Take the lines below beginning at the line that has "Memoirs of Willie Dean (McAfee)" and stopping after the line that has "2、Action即过滤的方式", and print them exactly as they are, with no other lines.

§ **DATA**:
------------------------------------
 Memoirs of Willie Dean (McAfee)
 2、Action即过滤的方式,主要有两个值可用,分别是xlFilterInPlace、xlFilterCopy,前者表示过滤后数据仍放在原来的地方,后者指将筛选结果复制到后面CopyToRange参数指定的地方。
------------------------------------
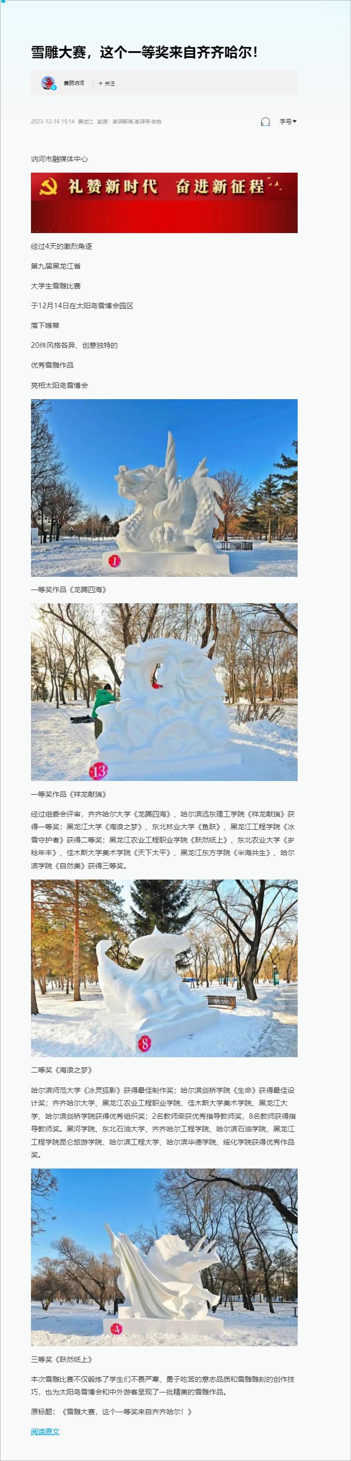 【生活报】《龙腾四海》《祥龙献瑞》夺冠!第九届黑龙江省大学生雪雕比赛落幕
------------------------------------
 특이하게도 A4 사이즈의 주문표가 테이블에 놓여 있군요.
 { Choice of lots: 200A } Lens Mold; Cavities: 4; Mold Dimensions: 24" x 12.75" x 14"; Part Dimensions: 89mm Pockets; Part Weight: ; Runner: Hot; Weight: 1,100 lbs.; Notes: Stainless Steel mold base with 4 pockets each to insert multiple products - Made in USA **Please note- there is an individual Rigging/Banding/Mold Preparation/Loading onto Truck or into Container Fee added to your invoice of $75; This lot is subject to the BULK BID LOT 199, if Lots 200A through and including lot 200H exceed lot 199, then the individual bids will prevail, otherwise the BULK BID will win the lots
------------------------------------
§ **THE COMPLETED TASK**:
 Memoirs of Willie Dean (McAfee)
 2、Action即过滤的方式,主要有两个值可用,分别是xlFilterInPlace、xlFilterCopy,前者表示过滤后数据仍放在原来的地方,后者指将筛选结果复制到后面CopyToRange参数指定的地方。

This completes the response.